O que se viu no primeiro mês do ano não condiz com as elevadas expectativas que empresariado, mercado, produtores rurais e analistas têm para 2020: de mais reformas, crescimento acima de 2,5% ao ano, geração de empregos em ritmo mais acelerado e reforço na política do ministro Paulo Guedes de contenção do gasto público e ajuste fiscal paulatino, que foi bem sucedida no primeiro ano, mas enfrentará desafios adicionais neste.

Além disso, é necessário observar os ventos do mundo, e o que eles sopram neste início de ano é uma emergência global com o surto do novo coronavírus, cujo impacto na economia ainda é impossível de mensurar, mas que certamente afetará as exportações brasileiras.

Diante de um cenário internacional cada vez mais complexo e da importância de uma agenda econômica difícil de implementar, era de se esperar que o presidente e seus ministros estivessem focados nos assuntos importantes, e que iniciassem desde antes da volta do recesso a tão fundamental quanto negligenciada articulação política com o Legislativo.

Mas não foi isso que se viu no mês que passou. O Ministério da Educação brindou o País com uma lambança no Enem e no Sisu que não se sabe ainda se terminou. O secretário de ensino superior pegou o boné e deixou o cargo pouco depois do lançamento do Future-se, projeto que já pode ser “redesenhado” sem nem ter sido implementado. E a saída para a substituição do Fundeb é discutida pelo Congresso com o Ministério da Economia, porque o MEC simplesmente não é um interlocutor naquela que é a decisão mais importante para o financiamento da educação básica.

Mas o ministro Abraham Weintraub segue prestigiado junto a Bolsonaro. Ganhou uma fotinho no Twitter ao lado do presidente no fechamento da semana como sinal de que escapou do paredão. Tão previsível quanto desalentador, por ser um indicativo claro de que mérito não é critério para a nomeação e substituição de ministros neste governo, e sim uma lealdade baseada em mistificação, ideologia barata e promoção de guerra cultural.

Com essa régua, não causa espanto que o episódio da demissão, recontratação e “redemissão” de Vicente Santini, ex-assessor da Casa Civil que usava a FAB para conhecer o mundo, tenha virado um pretexto para fritar Onyx Lorenzoni, que estava de férias. Era necessário um bode expiatório quando a mamata do amigo da família Bolsonaro ficou pública.

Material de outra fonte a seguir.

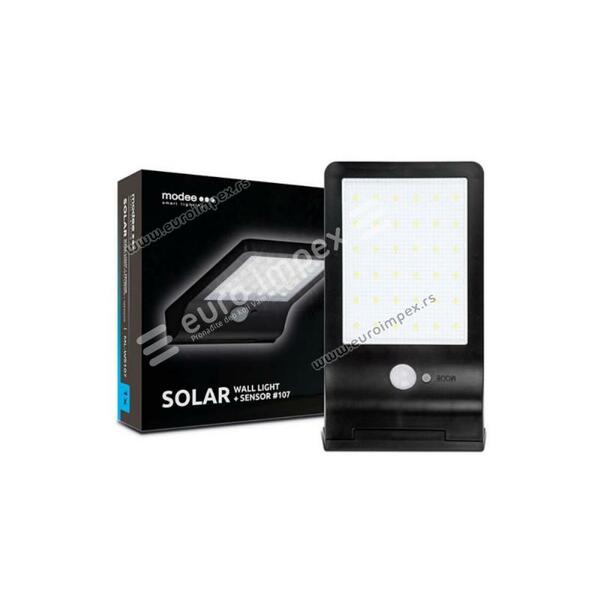 Modee 107 je korisna solarna lampa visokog stepena osvetljenja, za zidnu montažu. Radi uz pomoć polikristalnog solarnog panela, koji se tokom dana puni sunčevom svetlošću, tako da SMD LED u njemu može da pruža osvetljenje noću i do 8 sati. Takođe je opremljena senzorom pokreta, tako da ako detektuje kretanje u krugu od 3-5 metara, nivo osvetljenja raste do 300 lumena. Ako ne detektuje pokret, ponovo će se zatamniti 10 do 20 sekundi kasnije. Temperatura boje joj je 6000K, što znači da emituje hladnu svetlost. Lampa se napaja iz jedne Li-jonske baterije 18650, nominalnog napona od 3,7V i kapaciteta 2000mAh (koja se može puniti i zameniti).
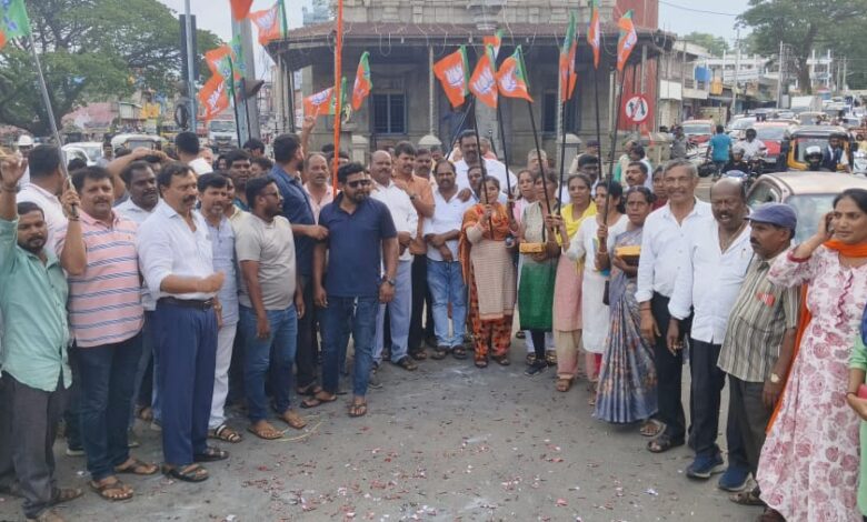 ಕುಶಾಲನಗರ ಗಣಪತಿ ದೇವಾಲಯ ಮುಂಭಾಗ ವಿಜಯೋತ್ಸವ ಆಚರಿಸಿದ ಪಕ್ಷದ ಮುಖಂಡರು, ಕಾರ್ಯಕರ್ತರು ಪಟಾಕಿ ಸಿಡಿಸಿ, ಸಿಹಿ ಹಂಚಿ, ನೃತ್ಯಮಾಡುವ ಮೂಲಕ ಸಂಭ್ರಮಿಸಿದರು.

O ministro perdeu o PPI, plano de parcerias e concessões, não porque a lógica sempre ditou que ele seja da Economia, mas como castigo e humilhação pública. De novo, competência não é o critério.

Filas no INSS e no Bolsa Família, intervenção na política ambiental depois da evidência internacional de fracasso na área e a desnecessária pinimba com o ministro da Justiça, Sergio Moro, foram outros legados de janeiro. Nesse quadro, os humores do Congresso na volta não tendem a favorecer a hercúlea tarefa de Paulo Guedes, que virou o ministro faz-tudo. Até quando ele vai segurar?